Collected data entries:
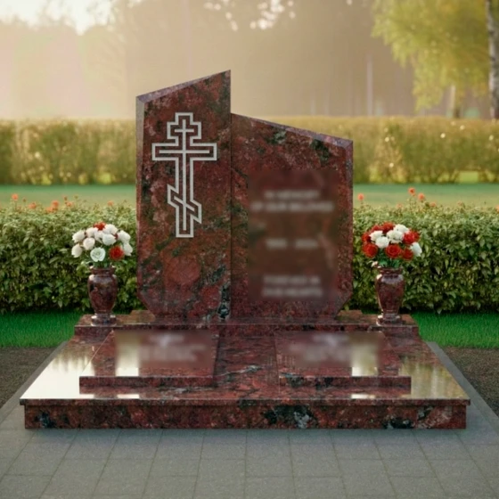 Форма данного памятника несет в себе глубокий философский смысл. Асимметрия верхушек символизирует прерванный жизненный путь, который, тем не менее, находит свое продолжение в высших сферах. Двойная структура стелы идеально подходит для семейного захоронения, олицетворяя неразрывную связь двух душ, их единство и вечный покой под защитой общего купола веры. Массивность конструкции и широкое основание создают ощущение абсолютной защиты и стабильности. Этот мемориальный комплекс спроектирован как "крепость памяти", которая способна противостоять векам, сохраняя первозданный вид и достоинство мемориального места.
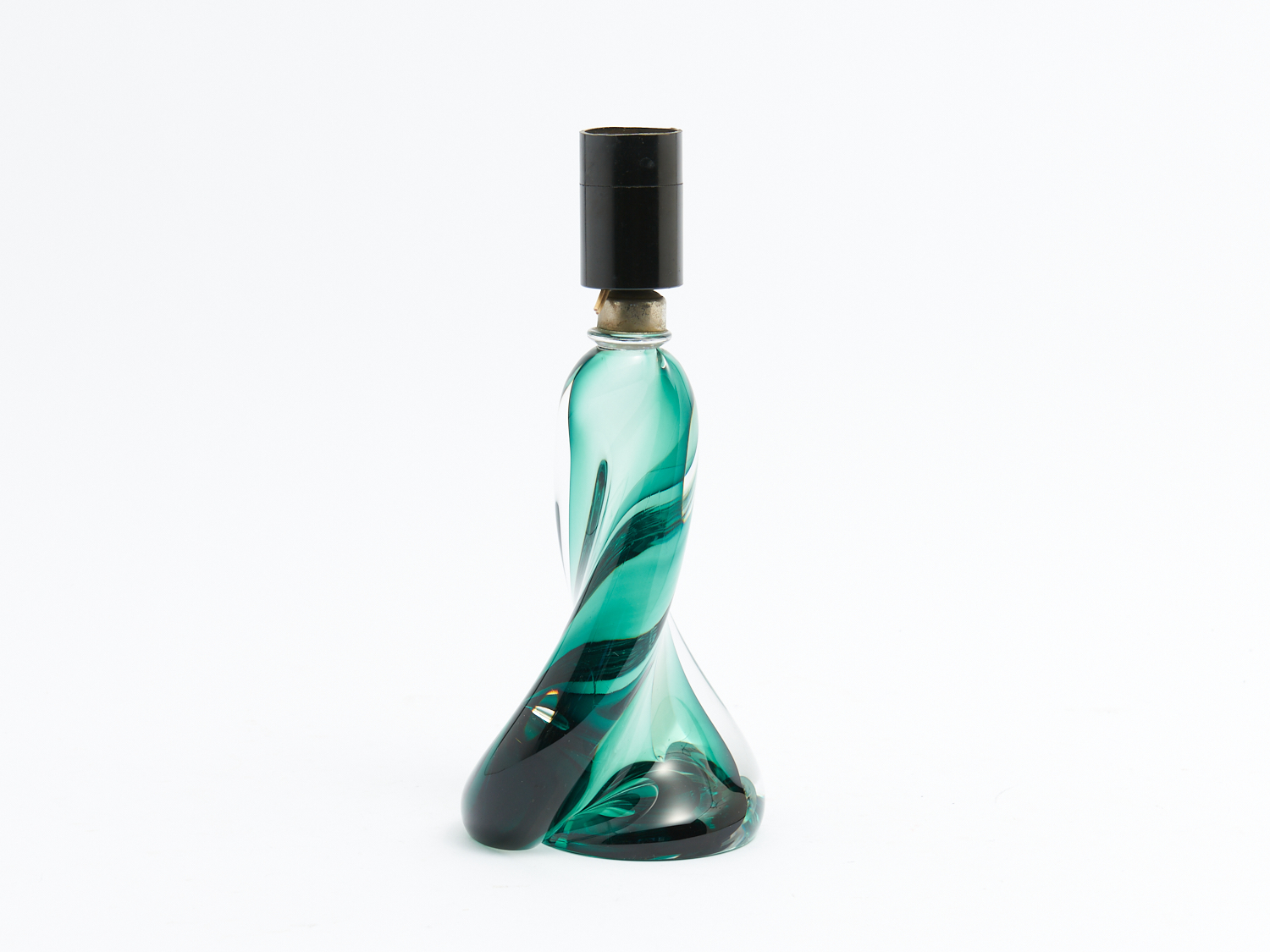 A SIGNED VAL ST LAMBERT RETRO GREEN AND CLEAR CASED TABLE LAMP H.27.5CM, LEONARD JOEL DELIVERY SIZE: MEDIUM
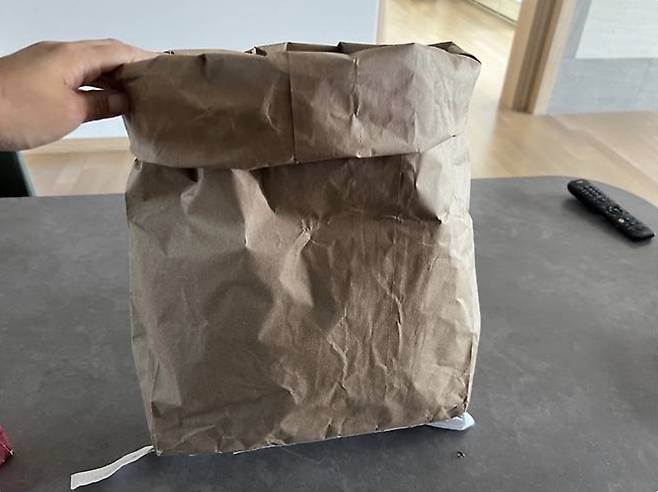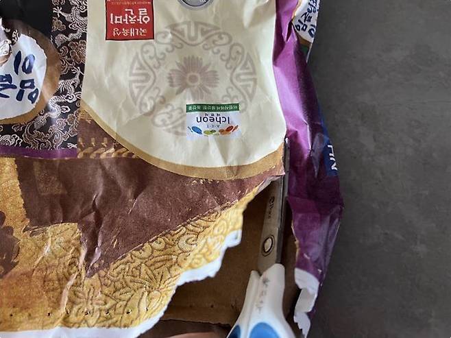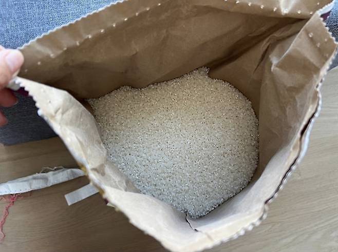 쌀 한 포대 주문해서 쌀통에 붓고 나온 쌀포대.
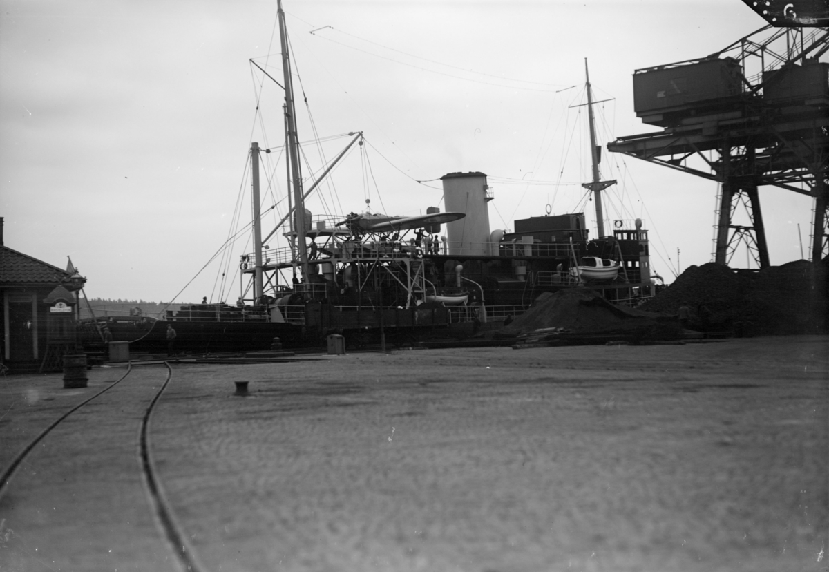 Flygplan S 5 lyfts med kran till ett fartygsdäck. Flygplanet på fartygsdäck.
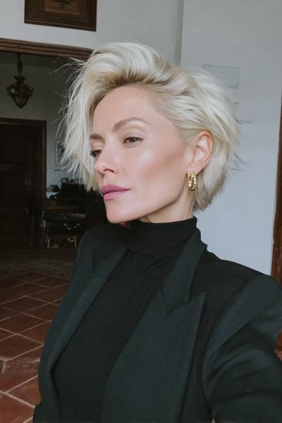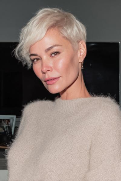 Ein sanfter Pixie mit seitlichem Pony und viel Textur: Die Stufen geben Leichtigkeit, das kühle Platinblond sorgt für Strahlkraft. Mit Volumenspray anheben, trocken „kneten“, und die Konturen weich ausblenden – fertig, lässig, sehr chic.

* Task goal *
Once the line containing "쌀 한 포대 주문해서 쌀통에 붓고 나온 쌀포대." is found, transcribe it and every line after it to the end of the records, exactly and with no pictures.

* Exercise solution *
 쌀 한 포대 주문해서 쌀통에 붓고 나온 쌀포대.
 Flygplan S 5 lyfts med kran till ett fartygsdäck. Flygplanet på fartygsdäck.
 Ein sanfter Pixie mit seitlichem Pony und viel Textur: Die Stufen geben Leichtigkeit, das kühle Platinblond sorgt für Strahlkraft. Mit Volumenspray anheben, trocken „kneten“, und die Konturen weich ausblenden – fertig, lässig, sehr chic.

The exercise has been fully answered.